## Exercise
Where an entry below contains an image, skip the image and reproduce the rest exactly.

## Recorded data

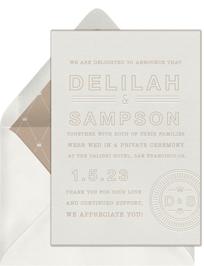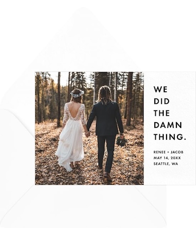 Let your loved ones know that you’re already married with this Did the Damn Thing wedding announcement card. It’s perfect for a casual, straightforward, and modern announcement with a touch of humor.
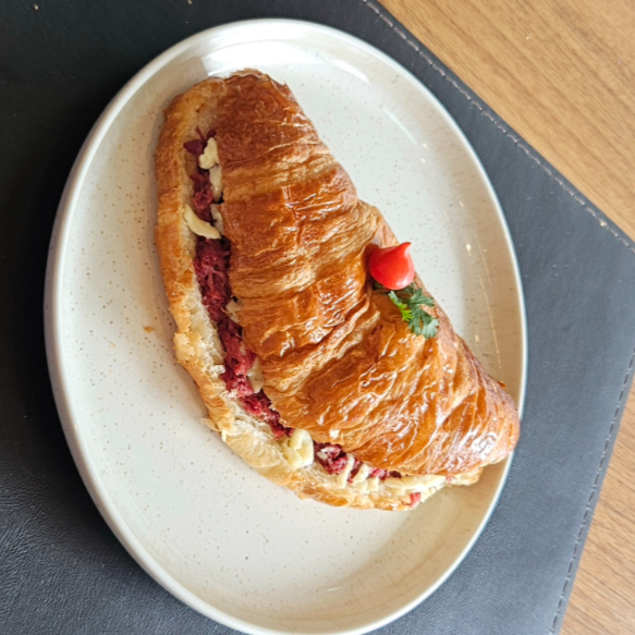 Nossa deliciosa e leve massa de croissant recheada com queijo mussarela e presunto.
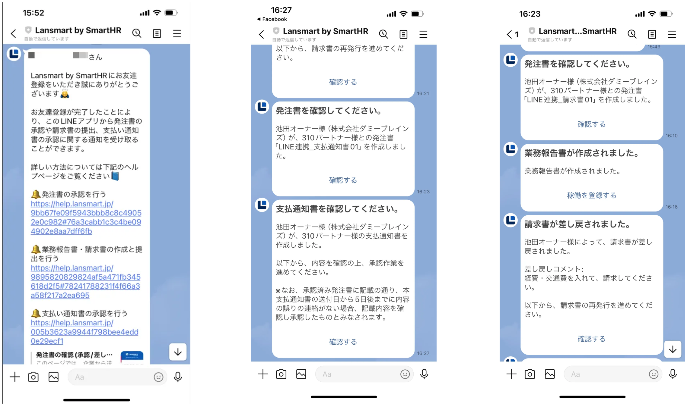 LINEソーシャルログインで連携を行うことで、発注書の承認依頼・請求書作成のリマインド、請求書が差し戻された際の再提出依頼、支払通知書の承認依頼がLINEで通知されます。
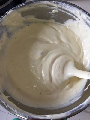分三次将蛋白和蛋黄全部拌匀!
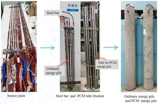 Two model piles were tested in the experiment to make a comparison. One was an ordinary concrete pile without PCM, and the other was a PCM energy pile in which 20 tubes (22 mm in diameter, 1.5 mm in thickness, made of stainless steel) filled with PCM were bonded to the steel in the pile. The concrete mixes for the two types of energy piles are shown in Table 1. The cross sections of the PCM pile and ordinary pile are shown in Figure 3. The two piles had the same dimensions: a diameter of 200 mm and a length of 1500 mm. Each pile was arranged with four steel bars (green in Figure 3) of 8 mm in diameter to fix the FBG strain sensors and temperature sensors. Each model pile contained a parallel, double-U-shaped heat exchange tube with a diameter of 20 mm (see color in Figure 3). A small amount of steel fiber was added to the PCM pile to improve the heat exchange. When making the PCM pile, sensors were first attached to the reinforcement steel bar; then, the steel bar and PCM tubes (yellow color in Figure 3) were fixed to the double U-shaped heat exchange tube, and finally, the steel bar, PCM tubes, and heat exchange tubes were placed together in a PVC mold. The prepared steel fiber concrete was poured into the PCV mold to form the pile. The same steps were followed to create an ordinary concrete pile. The process of making the energy piles is shown in Figure 4.
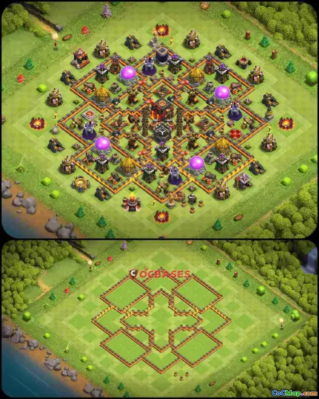 Discover the ultimate Town Hall 10 hybrid base for Clash of Clans! Explore our symmetric design and copy the base link for unbeatable defense.
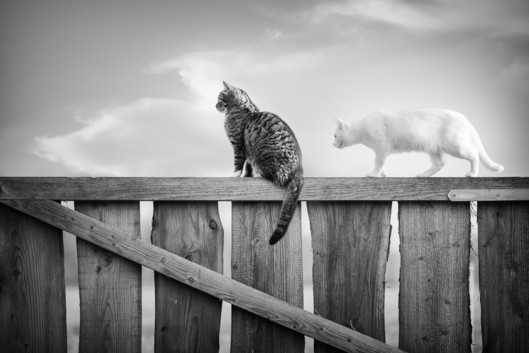 - This is such a unique and very cinematic image. The simplicity of the elements -- wood fence, sky and cats -- make this image stand out. Truly wonderful. ~ illona
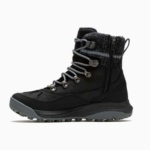 Lækker Siren 4 Thermo Mid Zip W støvle konstrueret specielt til at give komfort, støtte og stabilitet til kvindefoden, selv på de længste vandreture. Overdelen består af blødt, glat skind og ruskind med en vandtæt overfladebehandling, et højt skaft i strik og forstærkning på snuden, siden og hælen. Støvlen justeres med snørebånd og lukkes med en lynlås på indersiden af anklen, og en trækfane bagpå gør det nemt at træde i støvlen. Både snørebånd og trækfane er lavet af genanvendt materiale, og lynlåsen er forbedret til at være en helt ny medial lynlås, som gør det ekstra nemt at få støvlen af og på. Den udtagelige indersål er af PU, mellemsålen er af FloatPro Foam™, og støvlen er foeret med 200 gram af isoleringsmaterialet Primaloft® Gold Eco Series, som er vandafvisende, åndbart, let, slidstærkt og lavet af 100 % genanvendte materialer og giver varme og beskyttelse. Støvlen er udstyret med SOLARCORE® Aerogel isolering under fødderne, et letvægtsisoleringsmateriale oprindeligt designet til NASA, så du aldrig behøver at bekymre dig om at holde fødderne varme, tilmed behandlet med NXT-lugthæmmende materiale. Herudover forkæles dine fødder af en kraftig, slidstærk og fleksibel high performance Vibram® IceTrek® ydersål med en mønsterdybde på 5 mm, lavet af en gummiblanding, som er god til kulde og giver et ekstraordinært godt greb på kolde og tilsneede overflader samt på ujævnt terræn, og som giver en vedvarende trækkraft selv under de vådeste og glatteste forhold.
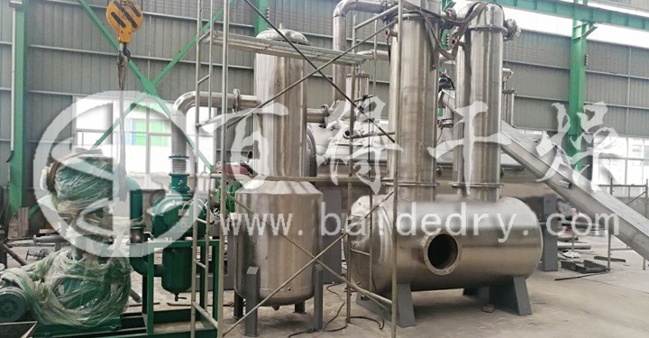 真空耙式干燥机更经济合理,它的热量消耗仅为一般瞬时干燥的1/3。如果干燥前还须加水稀释然后喷雾干燥时,它的热量消耗则比真空耙式干燥大8~10倍。
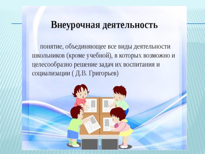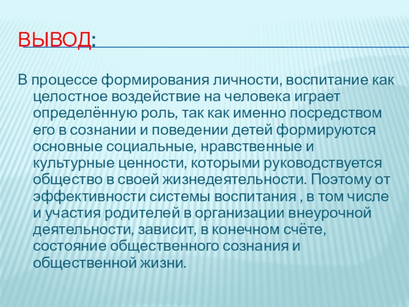 определённую роль, так как именно посредством его в сознании и поведении детей формируются основные социальные, нравственные и культурные ценности, которыми руководствуется общество в своей жизнедеятельности. Поэтому от эффективности системы воспитания , в том числе и участия родителей в организации внеурочной деятельности, зависит, в конечном счёте, состояние общественного сознания и общественной жизни.
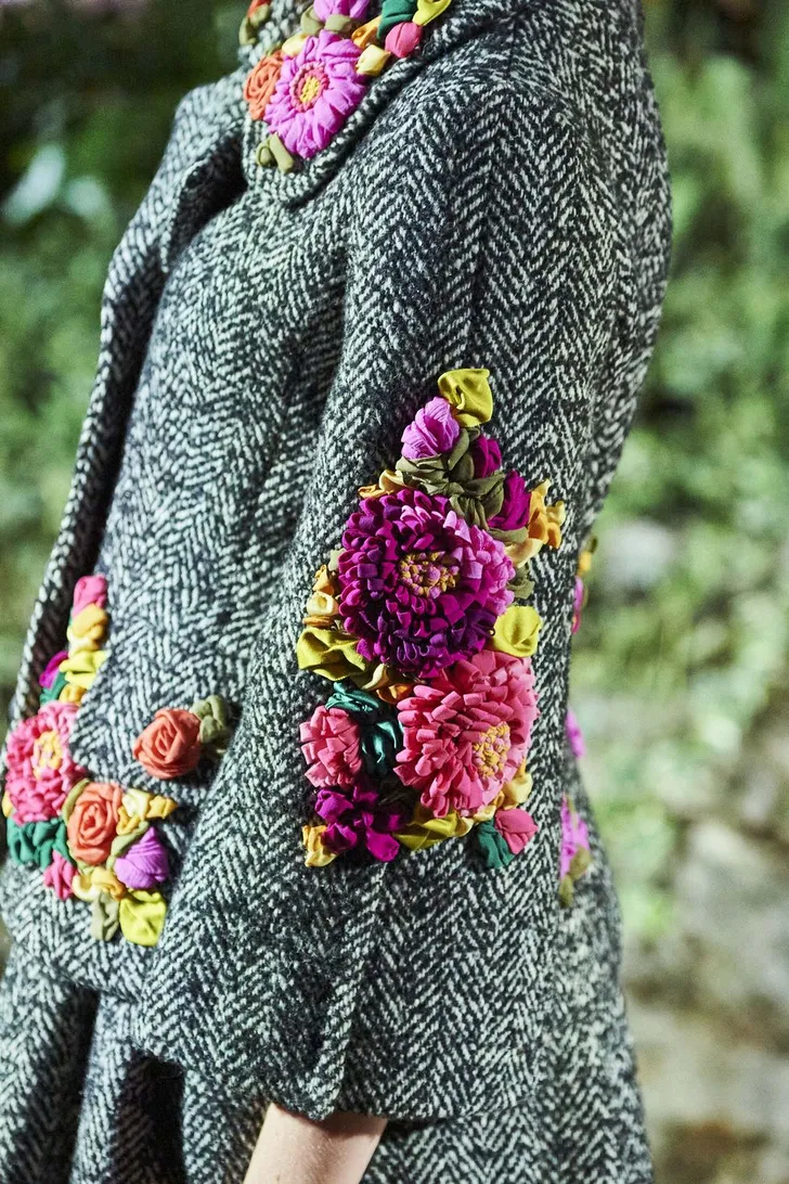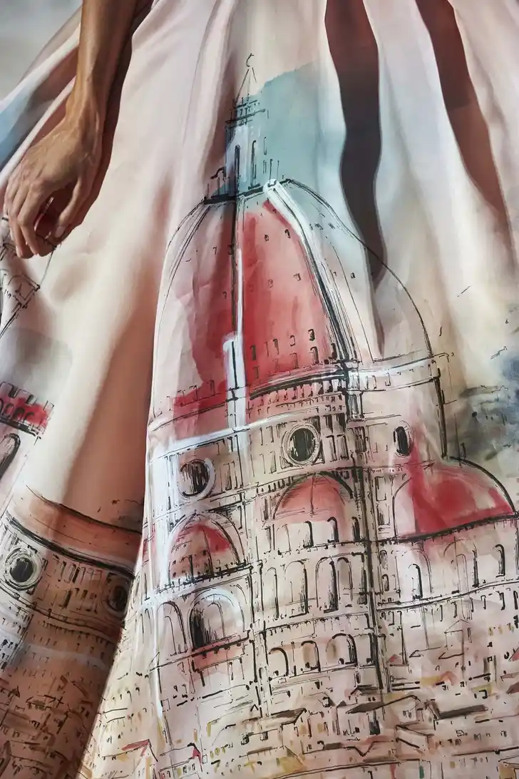 De 89 looks werden in de tuin geshowd, de modellen gebruikten de lange stenen trap als catwalk in ontwerpen die een ode waren aan de stad.

## Result of the exercise
 Let your loved ones know that you’re already married with this Did the Damn Thing wedding announcement card. It’s perfect for a casual, straightforward, and modern announcement with a touch of humor.
 Nossa deliciosa e leve massa de croissant recheada com queijo mussarela e presunto.
 LINEソーシャルログインで連携を行うことで、発注書の承認依頼・請求書作成のリマインド、請求書が差し戻された際の再提出依頼、支払通知書の承認依頼がLINEで通知されます。
分三次将蛋白和蛋黄全部拌匀!
 Two model piles were tested in the experiment to make a comparison. One was an ordinary concrete pile without PCM, and the other was a PCM energy pile in which 20 tubes (22 mm in diameter, 1.5 mm in thickness, made of stainless steel) filled with PCM were bonded to the steel in the pile. The concrete mixes for the two types of energy piles are shown in Table 1. The cross sections of the PCM pile and ordinary pile are shown in Figure 3. The two piles had the same dimensions: a diameter of 200 mm and a length of 1500 mm. Each pile was arranged with four steel bars (green in Figure 3) of 8 mm in diameter to fix the FBG strain sensors and temperature sensors. Each model pile contained a parallel, double-U-shaped heat exchange tube with a diameter of 20 mm (see color in Figure 3). A small amount of steel fiber was added to the PCM pile to improve the heat exchange. When making the PCM pile, sensors were first attached to the reinforcement steel bar; then, the steel bar and PCM tubes (yellow color in Figure 3) were fixed to the double U-shaped heat exchange tube, and finally, the steel bar, PCM tubes, and heat exchange tubes were placed together in a PVC mold. The prepared steel fiber concrete was poured into the PCV mold to form the pile. The same steps were followed to create an ordinary concrete pile. The process of making the energy piles is shown in Figure 4.
 Discover the ultimate Town Hall 10 hybrid base for Clash of Clans! Explore our symmetric design and copy the base link for unbeatable defense.
 - This is such a unique and very cinematic image. The simplicity of the elements -- wood fence, sky and cats -- make this image stand out. Truly wonderful. ~ illona
 Lækker Siren 4 Thermo Mid Zip W støvle konstrueret specielt til at give komfort, støtte og stabilitet til kvindefoden, selv på de længste vandreture. Overdelen består af blødt, glat skind og ruskind med en vandtæt overfladebehandling, et højt skaft i strik og forstærkning på snuden, siden og hælen. Støvlen justeres med snørebånd og lukkes med en lynlås på indersiden af anklen, og en trækfane bagpå gør det nemt at træde i støvlen. Både snørebånd og trækfane er lavet af genanvendt materiale, og lynlåsen er forbedret til at være en helt ny medial lynlås, som gør det ekstra nemt at få støvlen af og på. Den udtagelige indersål er af PU, mellemsålen er af FloatPro Foam™, og støvlen er foeret med 200 gram af isoleringsmaterialet Primaloft® Gold Eco Series, som er vandafvisende, åndbart, let, slidstærkt og lavet af 100 % genanvendte materialer og giver varme og beskyttelse. Støvlen er udstyret med SOLARCORE® Aerogel isolering under fødderne, et letvægtsisoleringsmateriale oprindeligt designet til NASA, så du aldrig behøver at bekymre dig om at holde fødderne varme, tilmed behandlet med NXT-lugthæmmende materiale. Herudover forkæles dine fødder af en kraftig, slidstærk og fleksibel high performance Vibram® IceTrek® ydersål med en mønsterdybde på 5 mm, lavet af en gummiblanding, som er god til kulde og giver et ekstraordinært godt greb på kolde og tilsneede overflader samt på ujævnt terræn, og som giver en vedvarende trækkraft selv under de vådeste og glatteste forhold.
 真空耙式干燥机更经济合理,它的热量消耗仅为一般瞬时干燥的1/3。如果干燥前还须加水稀释然后喷雾干燥时,它的热量消耗则比真空耙式干燥大8~10倍。
 определённую роль, так как именно посредством его в сознании и поведении детей формируются основные социальные, нравственные и культурные ценности, которыми руководствуется общество в своей жизнедеятельности. Поэтому от эффективности системы воспитания , в том числе и участия родителей в организации внеурочной деятельности, зависит, в конечном счёте, состояние общественного сознания и общественной жизни.
 De 89 looks werden in de tuin geshowd, de modellen gebruikten de lange stenen trap als catwalk in ontwerpen die een ode waren aan de stad.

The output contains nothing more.